La novela, que ahora publica Libros del Asteroide, es un artefacto de poderosa inteligencia y suspense, una de esas piezas que sólo se producen de muy tarde en tarde gracias a narradores orfebres como Perutz, que se negó a encasillar su obra en cualquier tipo de género. Vio la luz por vez primera en 1923 entre signos de interrogación. Se podía hablar de ella, a un tiempo, como de una novela psicológica, policial, gótica, fantástica y realista. Poseía rasgos de todos esos géneros mencionados y también de algunos más. Lo que hizo Perutz fue disfrazar unos de otros y juntarlos en una coctelera de manera elegante de modo que al lector pudiera interesarle observar cómo se relacionan entre sí la realidad y la ficción, lo posible y lo imposible, junto a ráfagas de fantasía y dentro de la opacidad del misterio. Ello lo convirtió en un virtuoso del rompecabezas, en un constructor de laberintos.

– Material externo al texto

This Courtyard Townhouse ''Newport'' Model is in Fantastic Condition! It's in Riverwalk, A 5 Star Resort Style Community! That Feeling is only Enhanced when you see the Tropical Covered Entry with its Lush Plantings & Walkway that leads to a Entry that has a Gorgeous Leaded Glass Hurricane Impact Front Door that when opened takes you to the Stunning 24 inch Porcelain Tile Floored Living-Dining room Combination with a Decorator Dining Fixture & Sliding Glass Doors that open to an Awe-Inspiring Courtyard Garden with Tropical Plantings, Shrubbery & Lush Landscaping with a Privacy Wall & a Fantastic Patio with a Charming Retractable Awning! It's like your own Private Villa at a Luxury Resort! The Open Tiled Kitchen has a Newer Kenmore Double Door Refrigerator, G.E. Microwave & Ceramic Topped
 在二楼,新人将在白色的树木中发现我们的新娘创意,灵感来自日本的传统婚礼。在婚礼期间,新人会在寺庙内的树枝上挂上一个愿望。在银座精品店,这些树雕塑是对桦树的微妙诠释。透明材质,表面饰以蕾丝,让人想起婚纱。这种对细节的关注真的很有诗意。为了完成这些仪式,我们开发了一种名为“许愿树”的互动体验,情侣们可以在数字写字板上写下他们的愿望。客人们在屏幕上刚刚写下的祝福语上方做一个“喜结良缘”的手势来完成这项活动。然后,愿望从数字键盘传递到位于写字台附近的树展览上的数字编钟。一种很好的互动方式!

Repetiría la fórmula en "De noche, bajo el puente de piedra" (1953) que también publicó hace un año la misma editorial y que sitúa su acción en la Praga de finales del XVI y principios del XVII en la corte del emperador Rodolfo II, protector de alquimistas y de astrólogos. En ella trata de confundir al lector con un juego a mitad de camino entre lo real y lo imaginario, cargado de victorias simbólicas, por las calles del barrio judío y con personajes históricos de protagonistas, como es el caso de Johannes Képler, el astrónomo y matemático alemán conocido por sus leyes sobre el movimiento de los planetas en su órbita alrededor del Sol.

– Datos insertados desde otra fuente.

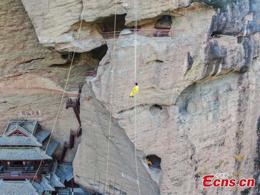 Performers simulate the installation of hanging coffins up onto grottos at the Longhu (Dragon and Tiger) Mountain, east China's Jiangxi province, July 21, 2022. (Photo: China News Service/Liu Lixin)
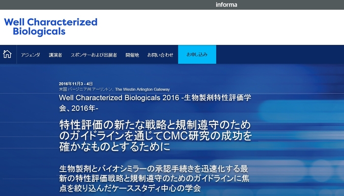 国際学会 「生物製剤特性評価学会 2016年」(IBC Life Sciences主催)の参加お申込み受付開始
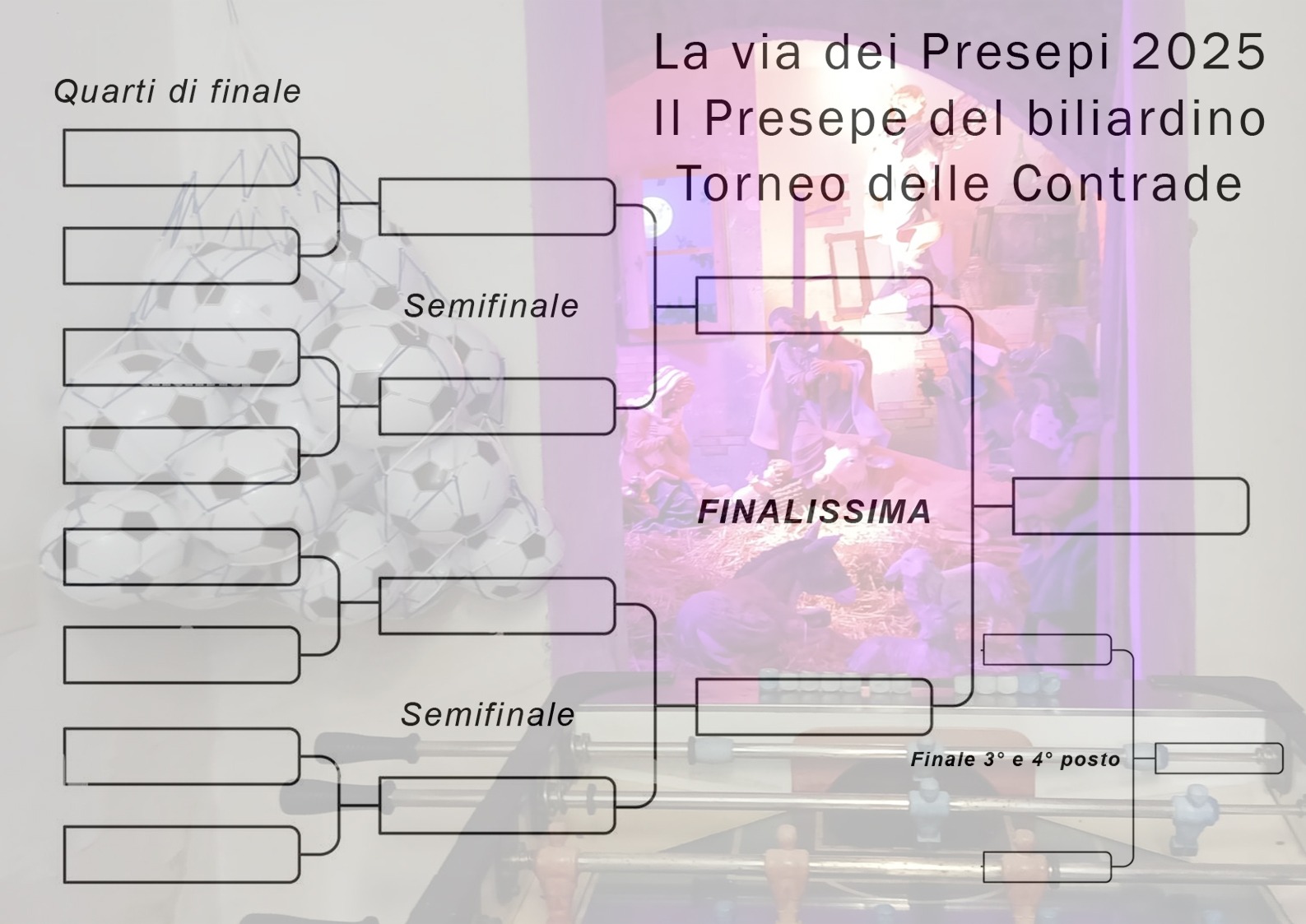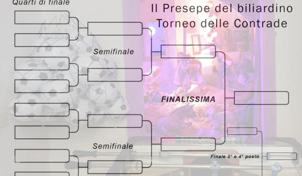 In corsa per aggiudicarsi il torneo otto squadre (che corrispondono alle contrade del Palio) composte ciascuna da due giocatori, le quali disputeranno i quarti e le semifinali nei due biliardini dove non è presente il meccanismo che illumina il presepe, mentre per le finali 3° e 4° posto e la finalissima saranno disputate nel biliardino dove è stato installato questo piccolo “segreto tecnologico”, un gioiello concepito grazie alla creatività dei presepisti dell’Associazione “All’Ombra di Membrino”.

En "El maestro del juicio final" Viena es sacudida por una serie de misteriosos suicidios. Sólo uno de ellos arroja explicaciones plausibles, y en ese caso es el propio narrador el que tiene que esforzarse en desmontar las apariencias desde el momento en que se compromete en el prefacio a reproducir toda la verdad. Existe, no obstante, un motivo que relaciona las muertes y que conduce las sospechas hacia un extraño asesino, a medida que el relato anima a indagar en otro tipo de interpretaciones psicoanalíticas, cuestiones morales y de identidad. No se trata de crímenes comunes, es otra cosa distinta lo que hay en la novela de Perutz. Es, en cualquier caso, una historia de suspense que refleja la confusión y la incertidumbre colectiva acerca de la identidad y de la fuerza moral después de los descubrimientos de Freud y de la Primera Guerra Mundial.

Nacido en Praga en 1882, Leo Perutz fue el mayor de cuatro hermanos, hijos todos de un acomodado fabricante de tejidos de origen judío sefardí, originario de España. De hecho él mismo era conocido como "el español" y conservaba en su despacho un documento que acreditaba que sus antepasados procedían de Toledo. Pronto, a principios del siglo pasado, cuando las cosas empezaron a ir mal en Bohemia para los judíos de cultura alemana, su familia se mudó a Viena. Fue un mal estudiante, disperso, que no llegó a la Universidad. Allí vivió hasta el Anschluss, la anexión de Austria por parte de la Alemania nazi, disfrutando del éxito literario y compartiendo las famosas tertulias del Café Herrenhof con Kokoschka, Krauss y Musil, en el mismo escenario que frecuentaron Hermann Broch, Roth, Friedrich Torberg, Werfel, y anteriormente Von Hofmannsthal. Padeció un tormentoso drama familiar al enviudar pero se recuperó y volvió a casarse. Más tarde huiría a Israel. Contrario al sionismo no se encontró a gusto ni en Tel Aviv ni Jerusalén, y regresó a Viena.

Perutz fue ante todo un maestro de la sugestión. Para llevar al lector a la solución deseada prefirió despojarlo primero de cualquier certeza y asegurarse de que así le resultaba más fácil asumir el tipo de creencia que sólo provocan los destellos más inquietantes de la vida.